__About this task__: When you copy the material below, keep every line exact and omit the pictures.

__Data__:

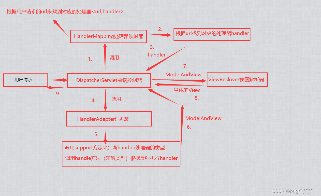 4.DispatcherServlet调用HandlerAdpater适配器,适配器来首先调用Support方法来确定handler是什么类型的,举例如果是注解类型,调用handle方法使用反射执行handler。并返回给DispatcherServlet一个ModelAndView。
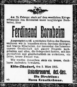 Ab dem Jahr 1873 führte Heinrich Mestrum dann auch die Brauerei in Nieder-Zündorf.
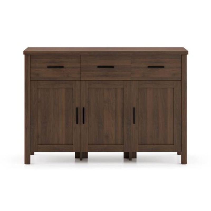 A little bit modern. A little bit classic. The Norland family blends warm wood tones with transitional lines and a sleek, lightweight structure to suit most décor styles. The sideboard’s drawers make room for cutlery and napkins, while the cupboards below are perfect to keep your delicate crockery safe. The broad top doubles as a serving station, letting you offer extra helpings of everything without another trip to the kitchen.
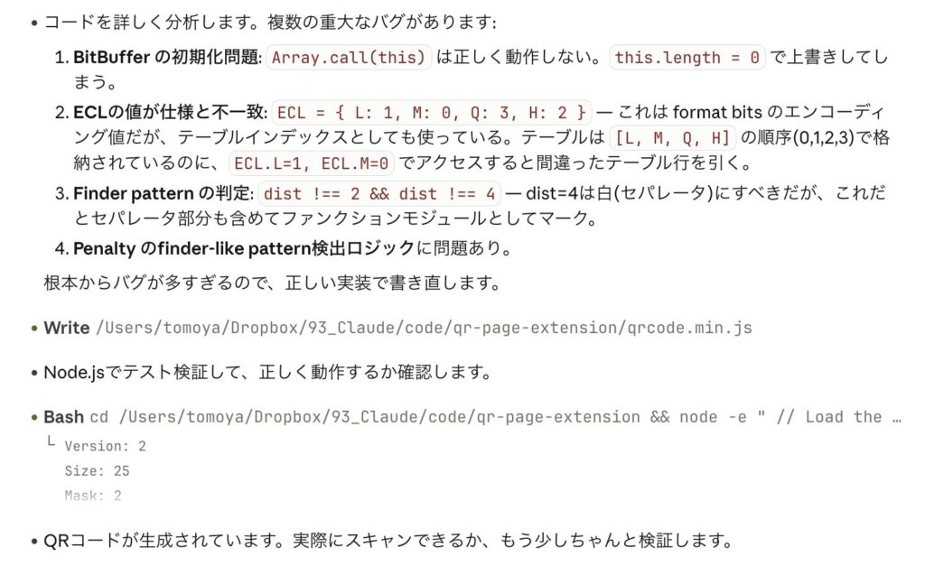 Update Todos Creating manifest.json Create QR code generation library Create popup HTML/CSS Create popup JavaScript Create extension icon Write /Users/tomoya/Dropbox/93_Claude/code/qr-page-extension/manifest.json Update Todos Create manifest.json Creating QR code library Create popup HTML/CSS Create popup JavaScript Create extension icon (SVG) QRコード生成ライブラリを軽量に自前実装します。 Write /Users/tomoya/Dropbox/93_Claude/code/qr-page-extension/qrcode.min.js Update Todos Create manifest.json Create QR code generation library Creating popup UI Create popup JavaScript Create extension icon (SVG) Write /Users/tomoya/Dropbox/93_Claude/code/qr-page-extension/popup.html Update Todos Create manifest.json Create QR code generation library Create popup HTML/CSS Creating popup logic Create extension icons Write /Users/tomoya/Dropbox/93_Claude/code/qr-page-extension/popup.js Update Todos Create manifest.json Create QR code generation library Create popup HTML/CSS Create popup JavaScript Creating extension icons アイコンをPNGで生成します。Canvasを使ったNode.jsスクリプトは使えないので、シンプルなSVGからPNGを変換します。 Bash mkdir -p /Users/tomoya/Dropbox/93_Claude/code/qr-page-extension/icons Bash which python3 && python3 -c “from PIL import Image; print('PIL available’)" 2>/dev/null || echo “No PIL" /usr/bin/python3 No PIL Bash which sips && echo “sips available" /usr/bin/sips sips available macOSのsipsを使ってSVGからPNGアイコンを生成します。 Write /Users/tomoya/Dropbox/93_Claude/code/qr-page-extension/icons/icon.svg Bash cd /Users/tomoya/Dropbox/93_Claude/code/qr-page-extension/icons && python3 -c " import subprocess import os svg_file = 'icon.svg’ sizes = [16, 48, 128] for size in sizes: output = f’icon{size}.png’ # Use sips to convert – first create a large PNG, then resize # Use the qlmanage approach for SVG to PNG on macOS subprocess.run(['qlmanage’, '-t’, '-s’, str(size), '-o’, '.’, svg_file], capture_output=True) # qlmanage creates file with .svg.png extension src = f'{svg_file}.png’ if os.path.exists(src): os.rename(src, output) print(f’Created {output}’) else: print(f’Failed to create {output}’) " Created icon16.png Created icon48.png Created icon128.png Bash ls -la /Users/tomoya/Dropbox/93_Claude/code/qr-page-extension/icons/ total 56 drwxr-xr-x@ 6 tomoya staff 192 Feb 8 06:36 . drwxr-xr-x@ 7 tomoya staff 224 Feb 8 06:35 .. もっと表示 Update Todos Create manifest.json Create QR code generation library Create popup HTML/CSS Create popup JavaScript Create extension icons Chrome拡張機能「QR Page」が完成しました。ファイル構成は以下の通りです: qr-page-extension/ ├── manifest.json # Manifest V3 設定 ├── popup.html # ポップアップUI ├── popup.js # 現在のタブのURLを取得しQR生成 ├── qrcode.min.js # QRコード生成ライブラリ └── icons/ ├── icon16.png ├── icon48.png └── icon128.pngChrome拡張のインストール方法
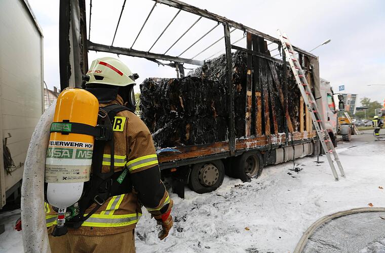 Ein mit Altpapier beladener Lkw hat am Freitagvormittag in Hof gebrannt. Der Fahrer rettete sich ins Freie. Es kam zu erheblichen Verkehrsbehinderungen.
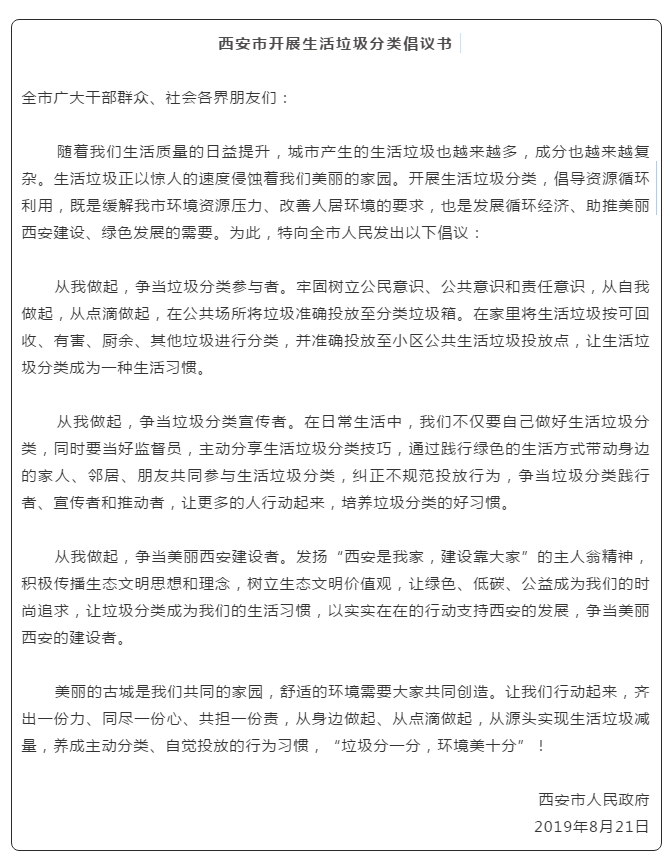 3)结尾:表明倡议者的决心、希望或者建议。在正文最后发出号召、呼吁,常用表述就是“让我们共同努力/为解决......问题而共同努力”。
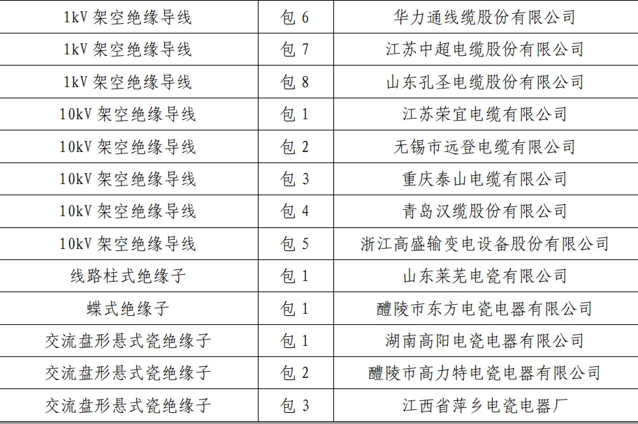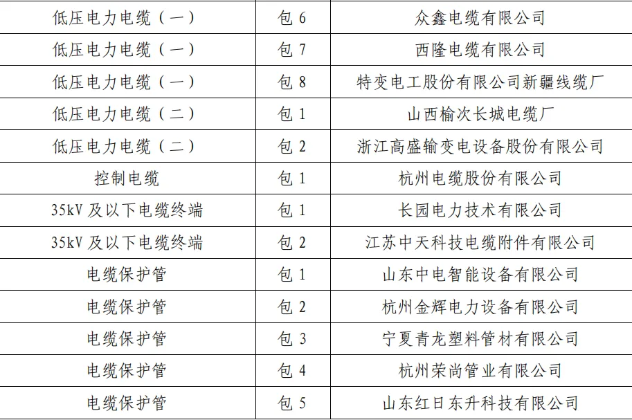 中标公告 | 国网宁夏电力有限公司2024年第一次配网物资协议库存公开招标采购中标人名单
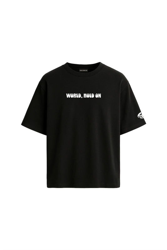 World, Hold On Black Oversized T-Shirt
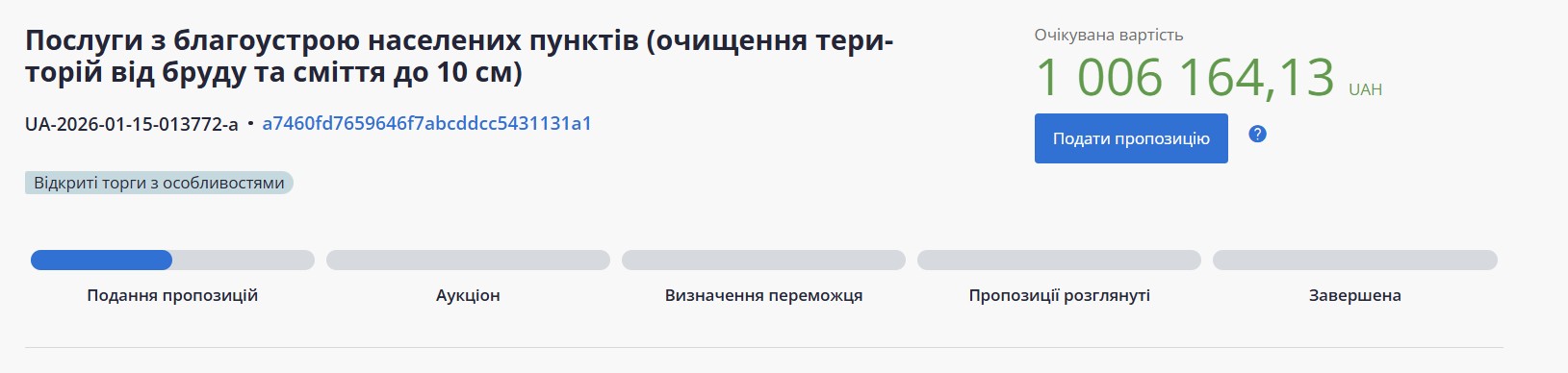 The expected cost of the purchase is 1 million 6 thousand 164 hryvnias.
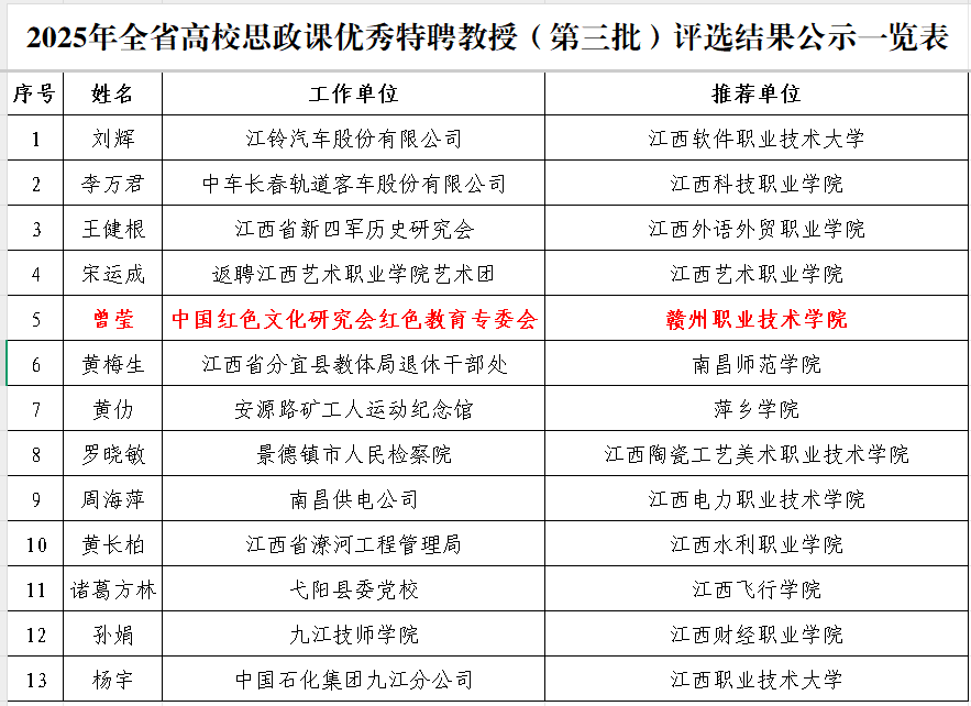 其中,中国红色文化研究会红色教育专委会曾莹女士作为我校特聘教授,成功入选“全省高校思政课优秀特聘教授(第三批)”。曾莹教授深耕红色教育领域多年,兼具深厚的理论素养与丰富的实践经验,担任国产aⅴ激情无码久久久无码特聘教授期间,始终紧扣红色文化传承与思政教育融合主题,为国产aⅴ激情无码久久久无码思政课队伍建设与红色文化教育开展发挥了重要示范带动作用。

__Solution to the problem__:
 4.DispatcherServlet调用HandlerAdpater适配器,适配器来首先调用Support方法来确定handler是什么类型的,举例如果是注解类型,调用handle方法使用反射执行handler。并返回给DispatcherServlet一个ModelAndView。
 Ab dem Jahr 1873 führte Heinrich Mestrum dann auch die Brauerei in Nieder-Zündorf.
 A little bit modern. A little bit classic. The Norland family blends warm wood tones with transitional lines and a sleek, lightweight structure to suit most décor styles. The sideboard’s drawers make room for cutlery and napkins, while the cupboards below are perfect to keep your delicate crockery safe. The broad top doubles as a serving station, letting you offer extra helpings of everything without another trip to the kitchen.
 Update Todos Creating manifest.json Create QR code generation library Create popup HTML/CSS Create popup JavaScript Create extension icon Write /Users/tomoya/Dropbox/93_Claude/code/qr-page-extension/manifest.json Update Todos Create manifest.json Creating QR code library Create popup HTML/CSS Create popup JavaScript Create extension icon (SVG) QRコード生成ライブラリを軽量に自前実装します。 Write /Users/tomoya/Dropbox/93_Claude/code/qr-page-extension/qrcode.min.js Update Todos Create manifest.json Create QR code generation library Creating popup UI Create popup JavaScript Create extension icon (SVG) Write /Users/tomoya/Dropbox/93_Claude/code/qr-page-extension/popup.html Update Todos Create manifest.json Create QR code generation library Create popup HTML/CSS Creating popup logic Create extension icons Write /Users/tomoya/Dropbox/93_Claude/code/qr-page-extension/popup.js Update Todos Create manifest.json Create QR code generation library Create popup HTML/CSS Create popup JavaScript Creating extension icons アイコンをPNGで生成します。Canvasを使ったNode.jsスクリプトは使えないので、シンプルなSVGからPNGを変換します。 Bash mkdir -p /Users/tomoya/Dropbox/93_Claude/code/qr-page-extension/icons Bash which python3 && python3 -c “from PIL import Image; print('PIL available’)" 2>/dev/null || echo “No PIL" /usr/bin/python3 No PIL Bash which sips && echo “sips available" /usr/bin/sips sips available macOSのsipsを使ってSVGからPNGアイコンを生成します。 Write /Users/tomoya/Dropbox/93_Claude/code/qr-page-extension/icons/icon.svg Bash cd /Users/tomoya/Dropbox/93_Claude/code/qr-page-extension/icons && python3 -c " import subprocess import os svg_file = 'icon.svg’ sizes = [16, 48, 128] for size in sizes: output = f’icon{size}.png’ # Use sips to convert – first create a large PNG, then resize # Use the qlmanage approach for SVG to PNG on macOS subprocess.run(['qlmanage’, '-t’, '-s’, str(size), '-o’, '.’, svg_file], capture_output=True) # qlmanage creates file with .svg.png extension src = f'{svg_file}.png’ if os.path.exists(src): os.rename(src, output) print(f’Created {output}’) else: print(f’Failed to create {output}’) " Created icon16.png Created icon48.png Created icon128.png Bash ls -la /Users/tomoya/Dropbox/93_Claude/code/qr-page-extension/icons/ total 56 drwxr-xr-x@ 6 tomoya staff 192 Feb 8 06:36 . drwxr-xr-x@ 7 tomoya staff 224 Feb 8 06:35 .. もっと表示 Update Todos Create manifest.json Create QR code generation library Create popup HTML/CSS Create popup JavaScript Create extension icons Chrome拡張機能「QR Page」が完成しました。ファイル構成は以下の通りです: qr-page-extension/ ├── manifest.json # Manifest V3 設定 ├── popup.html # ポップアップUI ├── popup.js # 現在のタブのURLを取得しQR生成 ├── qrcode.min.js # QRコード生成ライブラリ └── icons/ ├── icon16.png ├── icon48.png └── icon128.pngChrome拡張のインストール方法
 Ein mit Altpapier beladener Lkw hat am Freitagvormittag in Hof gebrannt. Der Fahrer rettete sich ins Freie. Es kam zu erheblichen Verkehrsbehinderungen.
 3)结尾:表明倡议者的决心、希望或者建议。在正文最后发出号召、呼吁,常用表述就是“让我们共同努力/为解决......问题而共同努力”。
 中标公告 | 国网宁夏电力有限公司2024年第一次配网物资协议库存公开招标采购中标人名单
 World, Hold On Black Oversized T-Shirt
 The expected cost of the purchase is 1 million 6 thousand 164 hryvnias.
 其中,中国红色文化研究会红色教育专委会曾莹女士作为我校特聘教授,成功入选“全省高校思政课优秀特聘教授(第三批)”。曾莹教授深耕红色教育领域多年,兼具深厚的理论素养与丰富的实践经验,担任国产aⅴ激情无码久久久无码特聘教授期间,始终紧扣红色文化传承与思政教育融合主题,为国产aⅴ激情无码久久久无码思政课队伍建设与红色文化教育开展发挥了重要示范带动作用。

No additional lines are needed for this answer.